Below are some records. Retype exactly the lines from the one containing "Oaklawn Plantation was" through the one containing "- For the base", both included, skipping every picture.

#### [Extracted information]
• • • •

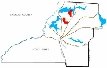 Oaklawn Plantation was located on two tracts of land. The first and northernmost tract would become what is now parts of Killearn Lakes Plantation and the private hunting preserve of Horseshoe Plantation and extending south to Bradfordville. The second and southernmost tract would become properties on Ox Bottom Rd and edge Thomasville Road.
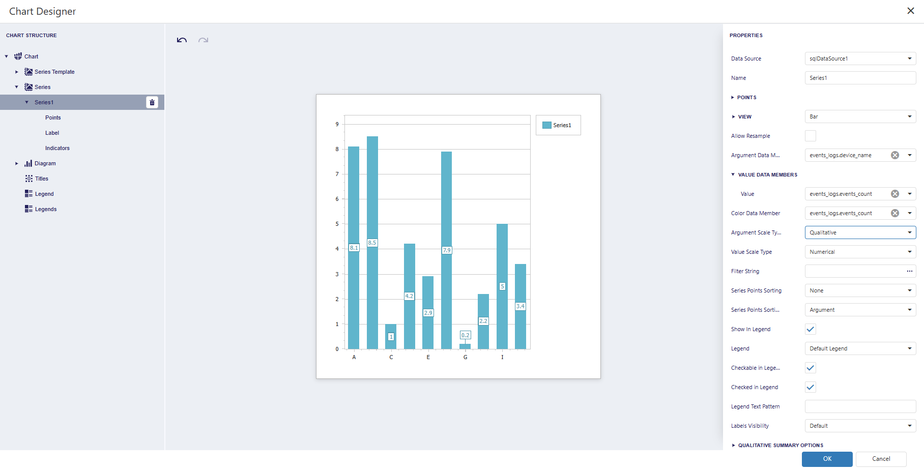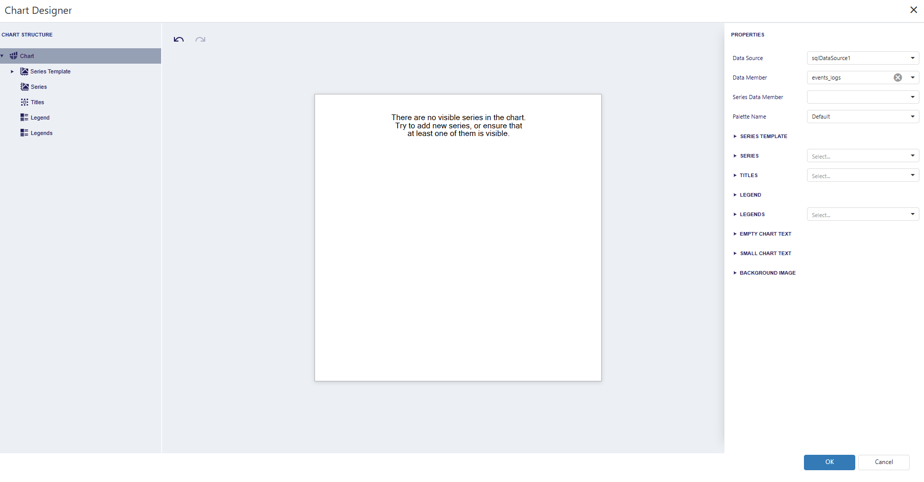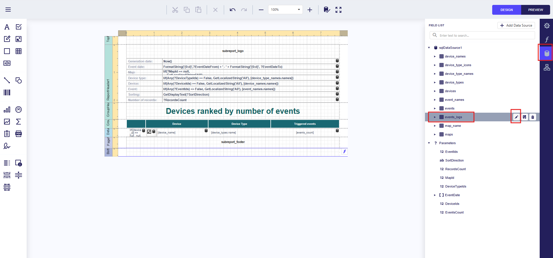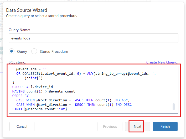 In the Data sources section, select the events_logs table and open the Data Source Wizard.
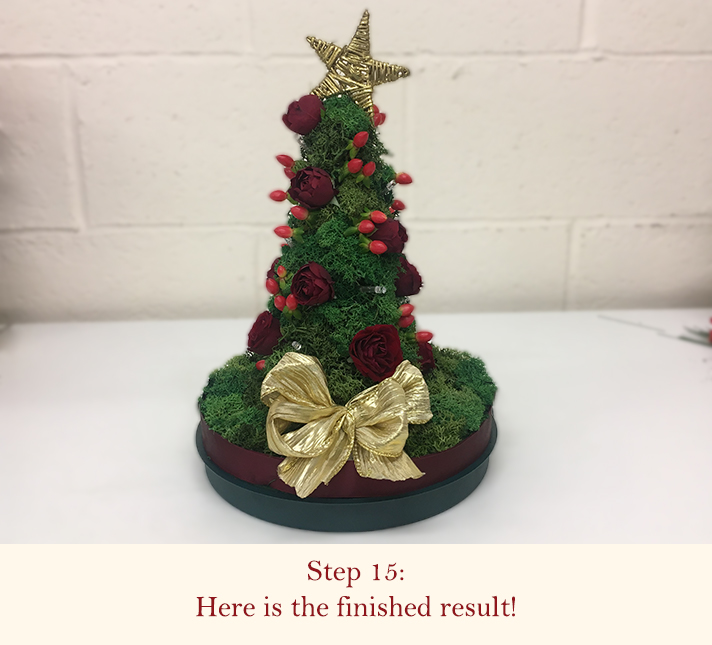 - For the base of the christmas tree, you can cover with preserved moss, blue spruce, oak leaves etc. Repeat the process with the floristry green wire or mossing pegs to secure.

• • • •

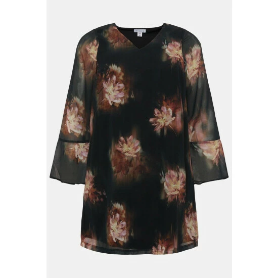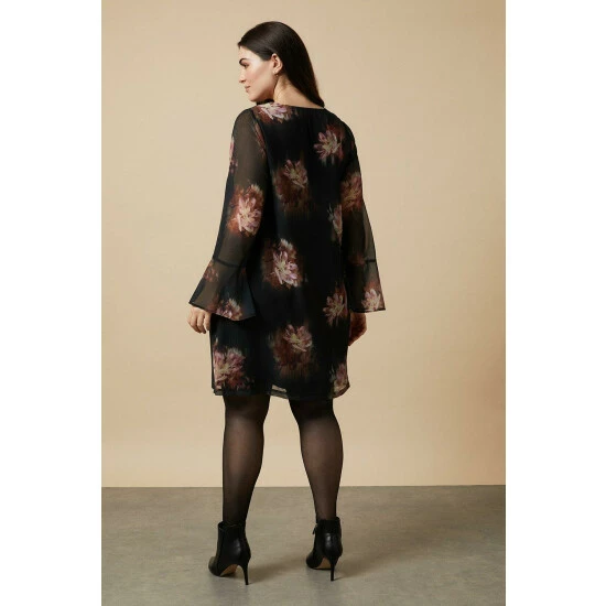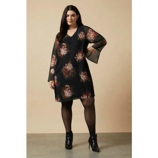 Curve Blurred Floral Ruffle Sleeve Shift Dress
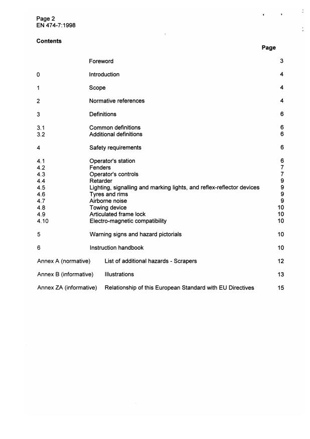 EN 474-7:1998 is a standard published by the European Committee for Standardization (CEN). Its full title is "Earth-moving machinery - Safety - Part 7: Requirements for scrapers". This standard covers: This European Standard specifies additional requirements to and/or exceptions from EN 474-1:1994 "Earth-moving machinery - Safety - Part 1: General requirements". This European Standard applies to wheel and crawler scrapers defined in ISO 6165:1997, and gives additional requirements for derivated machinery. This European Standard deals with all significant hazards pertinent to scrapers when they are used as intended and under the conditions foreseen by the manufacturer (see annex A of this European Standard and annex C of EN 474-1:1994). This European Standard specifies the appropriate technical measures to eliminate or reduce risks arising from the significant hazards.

• • • •

#### [Exercise answer]
 Oaklawn Plantation was located on two tracts of land. The first and northernmost tract would become what is now parts of Killearn Lakes Plantation and the private hunting preserve of Horseshoe Plantation and extending south to Bradfordville. The second and southernmost tract would become properties on Ox Bottom Rd and edge Thomasville Road.
 In the Data sources section, select the events_logs table and open the Data Source Wizard.
 - For the base of the christmas tree, you can cover with preserved moss, blue spruce, oak leaves etc. Repeat the process with the floristry green wire or mossing pegs to secure.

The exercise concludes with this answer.